Junk removal is one of the easiest turnover costs to recover from deposits because it is clearly attributable to specific items the tenant left behind, and the cost is documented with a receipt. Painting and carpet cleaning deductions are frequently disputed, but a photo of an abandoned couch next to a $79 receipt is straightforward.

How Does Peak Season (May–September) Affect Turnover Costs?

Peak moving season runs May through September, with June, July, and August seeing the highest volume (Movebuddha). During these months, turnover costs increase for three reasons:

  • Higher demand, higher prices: Dumpster companies, full-service junk removal crews, painters, and cleaning services all book up faster and charge more. A dumpster that costs $350 in February may run $500+ in July with a 5–7 day delivery wait.
  • Compressed timelines: Multiple units turning over simultaneously strains your maintenance team. If 15 units in a 200-unit community all move out the same week, your 3-person maintenance crew becomes the bottleneck for every step of the process.
  • Longer re-leasing times in 2024–2026: Despite peak demand, vacant units averaged 46 days to re-rent in Q1 2024 according to RentCafe data cited by Multi-Housing News. The supply wave of 2023–2024 (586,151 completions in Q4 2024 per RealPage) means more competition for tenants even during summer.

The solution is to eliminate variables you can control. Standardize your turnover playbook so every unit follows the same 7-day process regardless of season. Use vendors with same-day availability (like curbside junk pickup) instead of vendors that require scheduling days in advance.

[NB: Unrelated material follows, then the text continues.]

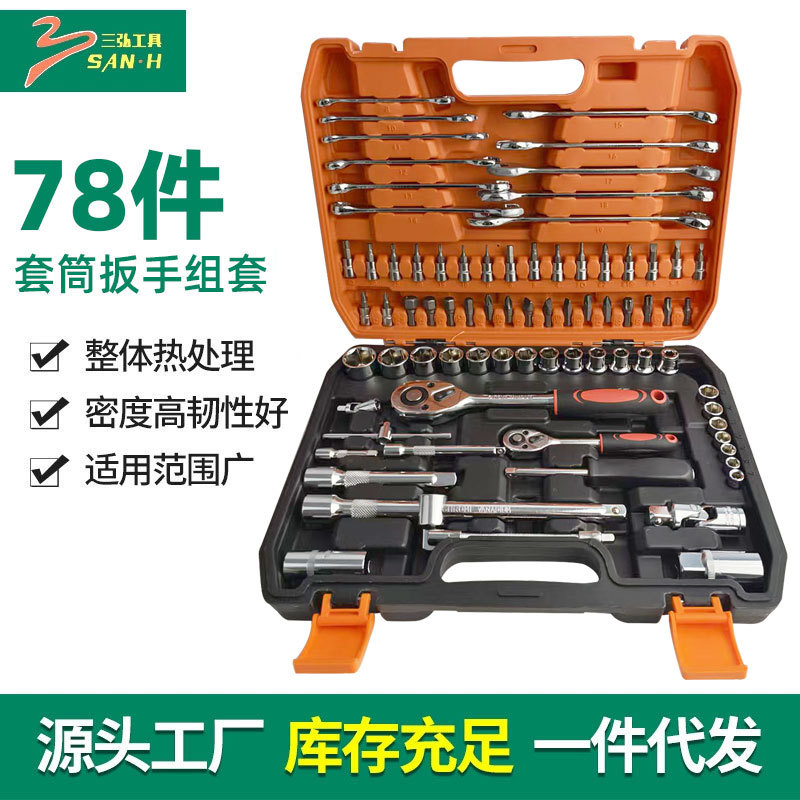 재고 도매 자동차 수리 도구 78 소켓 렌치 조합 24 치아 빠른 래칫 큰 플라이 육각형 소켓 세트스토어 가기

How to Cut Apartment Turnover Cost by $1,500 per Unit

  1. 1

    Pre-inspect 30 days before lease end

    Walk the unit 30 days before the lease expires. Identify damage, items likely to be left behind, and repairs needed. Order materials and schedule vendors now, not after move-out. This eliminates 3–5 days of waiting after the tenant leaves.

  2. 2

    Pre-market the unit 60 days out

    List the unit for lease before the current tenant moves out. Use photos from the last make-ready or a model unit. Accepting applications early means a new tenant can sign before the old one leaves, reducing vacancy to the make-ready window only.

  3. 3

    Clear junk same-day with curbside pickup

    On move-out day, have your maintenance crew move all abandoned items to the curb or designated area. Book a same-day Dropcurb pickup for $79. The unit is cleared by end of day one — painters can start day two.

  4. 4

    Standardize paint, flooring, and fixtures

    Use the same paint color, flooring type, and fixture models across all units. No more color matching, special-order parts, or debating whether to repaint the whole room. Touch-up takes 2 hours instead of 2 days.

  5. 5

    Use a dedicated turnover cleaning crew

    A crew that cleans 5–10 turnovers per week is faster and cheaper per unit than a general cleaning service quoting hourly. Negotiate a flat rate per unit type (e.g., $200 for 1BR, $300 for 2BR).

  6. 6

    Deduct recoverable costs from the deposit

    Document everything with photos and receipts. Deduct junk removal, cleaning beyond normal wear, and damage repairs from the security deposit. A $79 curbside receipt plus timestamped photos makes the deduction defensible in any state.